Ahmet Davutoğlu, özgürlükçü laikliği birinci ortaya koyanlardan biri. Kendisi beraberinde Türkiye’nin Suriye’ye müdahalesinin en öndeki sıra neferi. IŞİD’lilere “bir avuç öfkeli çocuk” diyen birinden bahsediyoruz. Özgürlükçü laiklik diye bir şey olmaz. Bu tarikatlar, cemaatler sivil toplum kuruluşu demekti. Liberaller diyor ki, dini din alanına bırakalım, ne bunlar? Tarikatlar, cemaatler.

halbuki gerçekte, biat külçeşidinin olduğu, müritlik-şeyhlik bağlantısının olduğu bir yerde hiç bir özgürlükten kelam edilemez. O niçinle bunun özgürlükçülük ismine savunulması, tam bir aymazlık diyorum.

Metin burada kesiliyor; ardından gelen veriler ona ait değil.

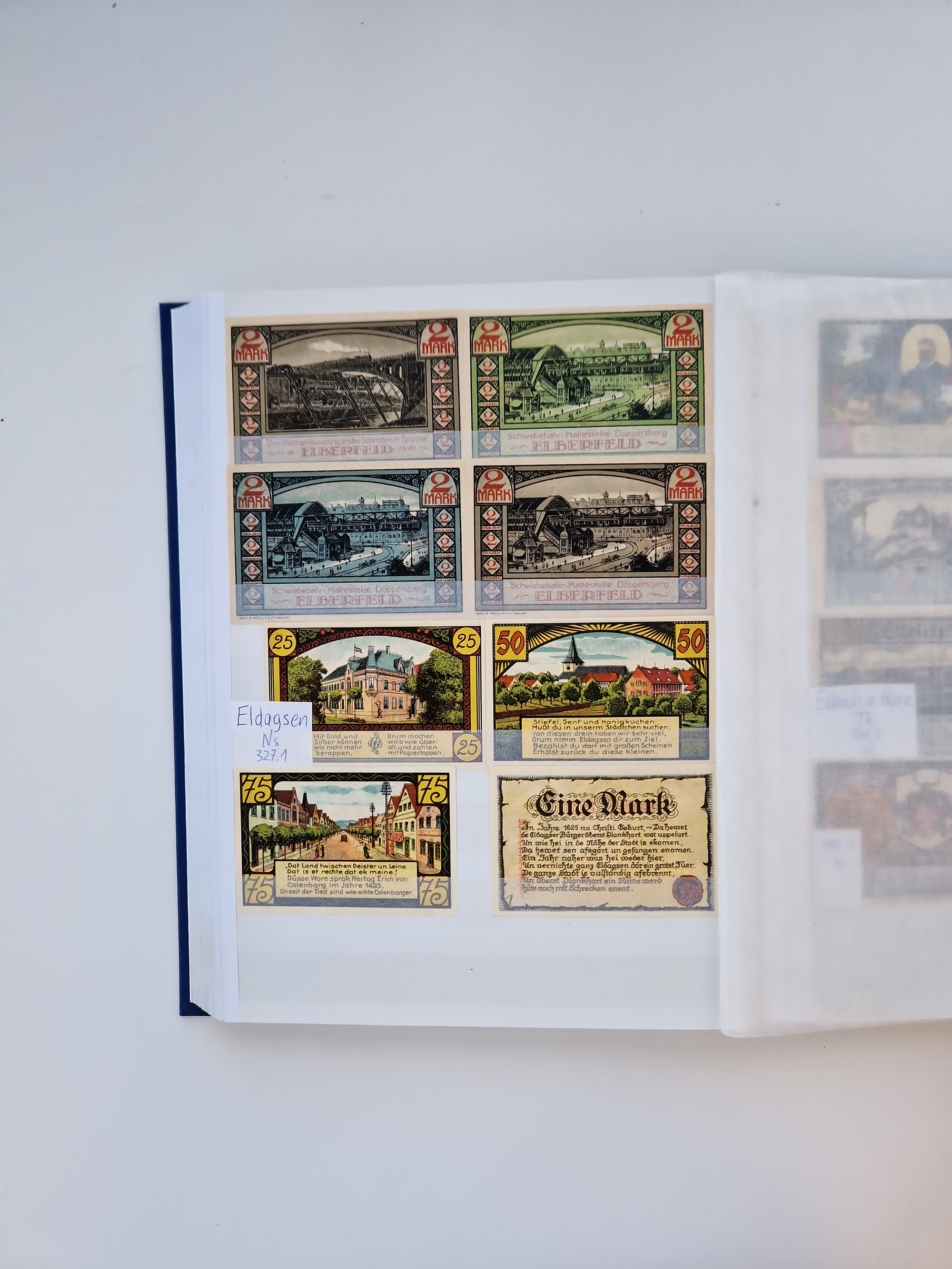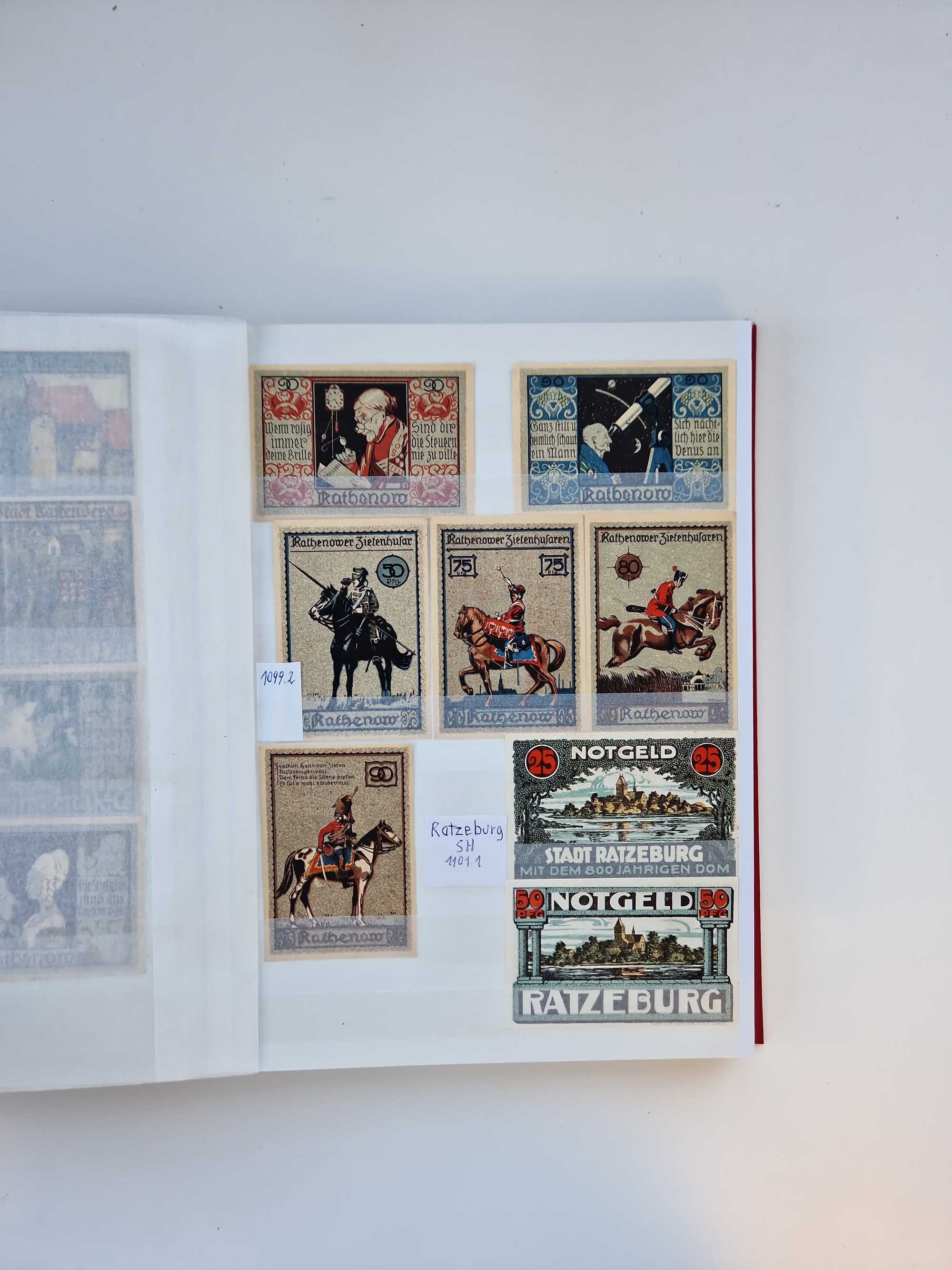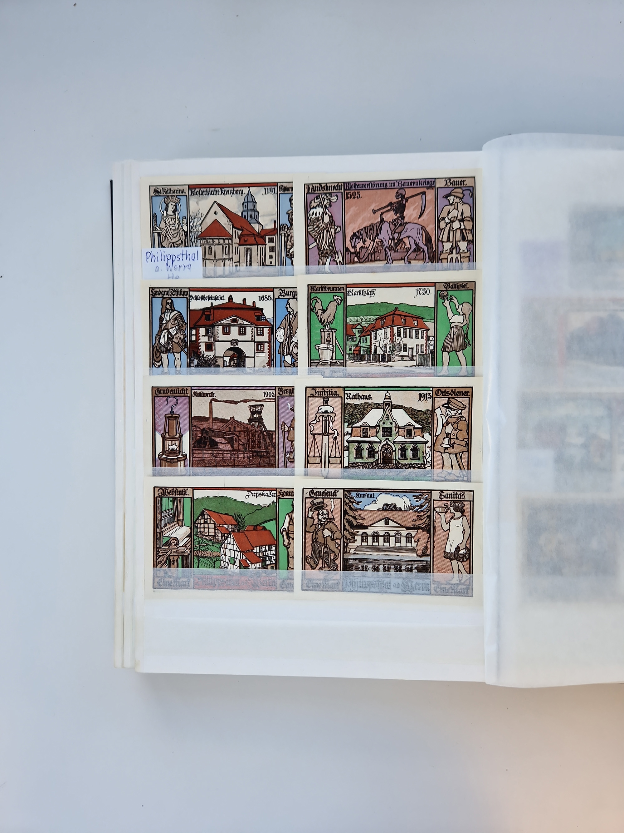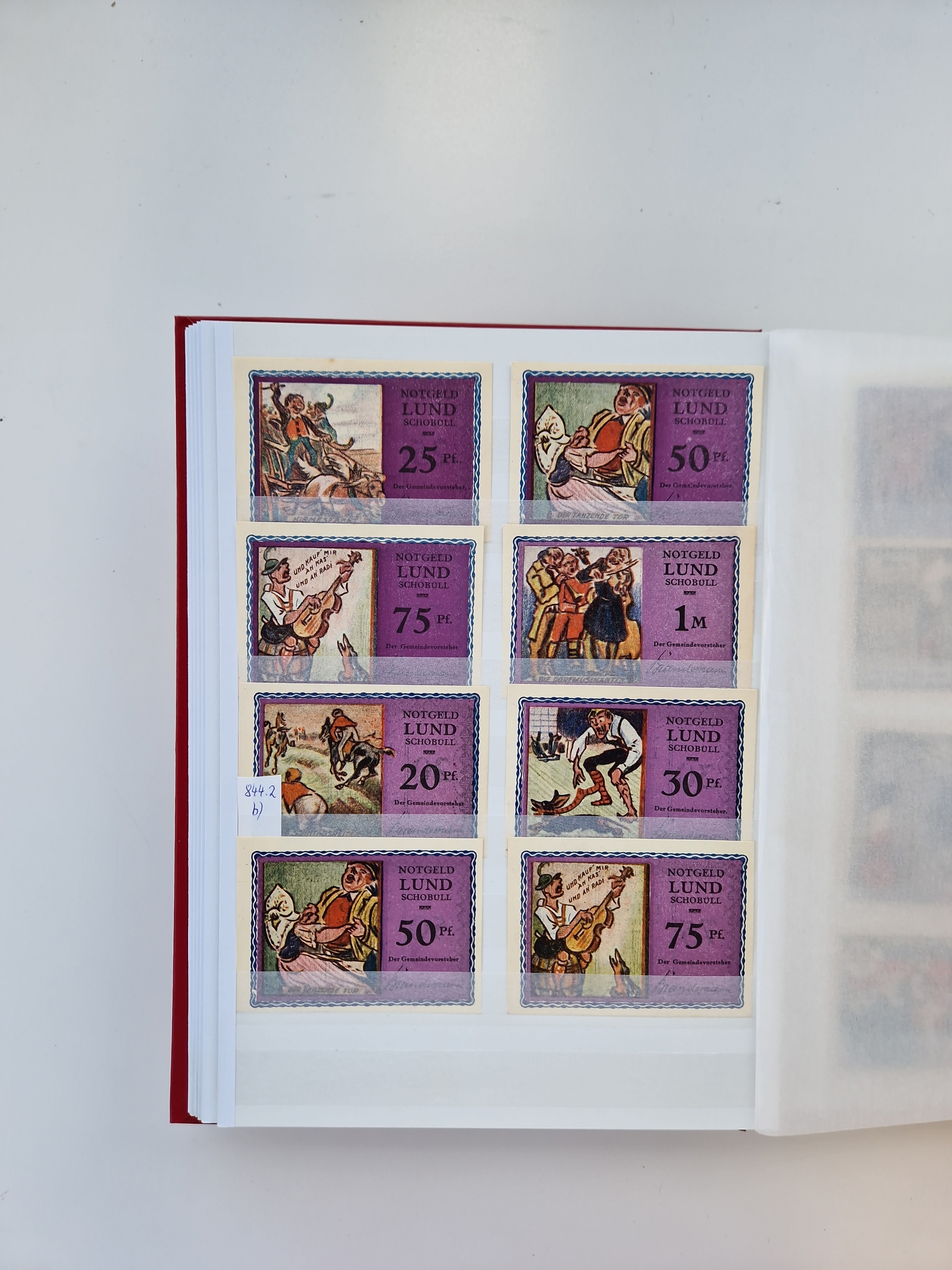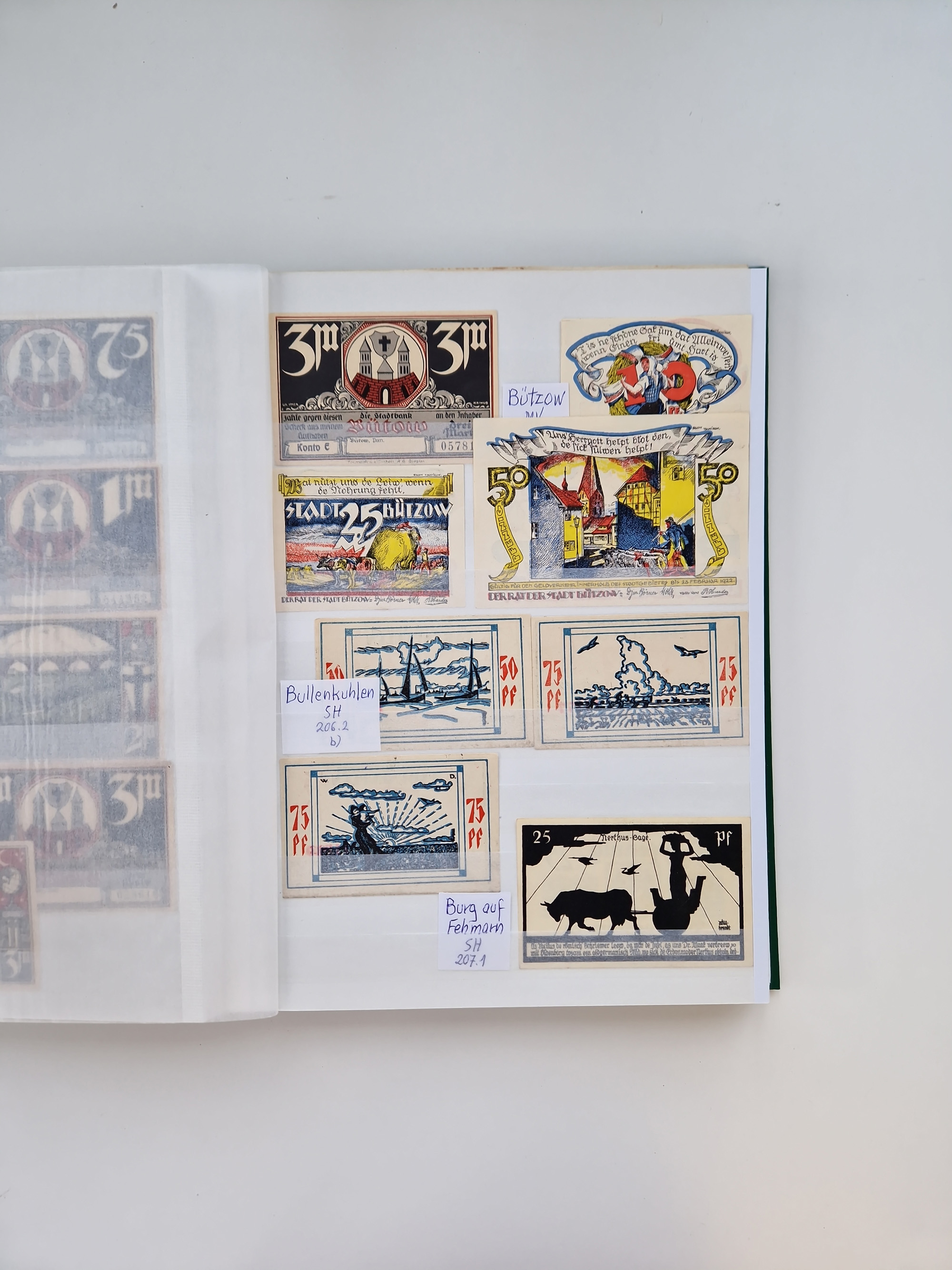 Notgeld-Serienscheine, saubere Sammlung in 16 meist dicken Steckalben, sauber nach Orten und Serien sortiert, überschlägig etwa 7/8000 Stück, dazu 4 Kataloge

Piyasa rabbi var, piyasaya özgürlük, satın alma özgürlüğü deniyor. Pekala bunu yapamayanlara, bu özgürlüğü kullanamayanlara ne lazım? İşte o noktada dinci gericiliğin özgürlüğü giriyor devreye. Fakirlere da isyan etme denilerek öbür dünyadan bahsediliyor. Ne kadar birbirini besleyen şeyler değil mi… Her şey piyasalaşmış. Yurtlar özel, okullar özel, parası olmayan nereye gönderecek çocuğunu? Tarikat, cemaat yurtlarına, Kuran kurslarına. Diyanet de tüm bunları organize eden bir şeyhülislamlık olarak ortada duruyor. Sonuçta herkes birbirini boğazlıyor.

AKP’li Cumhurbaşkanı Recep Tayyip Erdoğan’in seyahat hareketlerini ve bilhassa bayanları gaye alan hakaretlerde bulunması niçiniyle dernek olarak cürüm duyurusunda bulundunuz. Cumhurbaşkanının bayanlara “sürtük” dediği bir ülkede hislerinizi öğrenebilir miyim?

Aslında bütün halka sürtük dedi, çürük de dedi. Haziran Direnişi sırasında da “çapulcu” diyordu. Berkin Elvan’ı ve annesini mitingde yuhalattı. Ne yazık ki bu tip tabirler kullanımına şaşırmıyorum. Zira vasatı yaşıyoruz bu ülkede.

Aslında vasatın da altı…

normal olarak… Devletin kurumları, yordamları, devlet adamlığı nosyonu ortadan kalkmış durumda. Fecî bir çürümenin ortasında yaşıyoruz. Reaksiyon duyuyoruz lakin ben kendisinden bir devlet adamına yakışır üslupta konuşmasını beklemiyorum. Buna bayanlar başta olmak üzere tüm toplumun tapki göstermesi gerek. Twitter’da “ben de sürtüğüm” etiketiyle paylaşımlar yapılıyor. Bu ne kadar acı bir şey… Bu bir espri konusu olamaz. Bu üslup bir daha üretilmiş oluyor.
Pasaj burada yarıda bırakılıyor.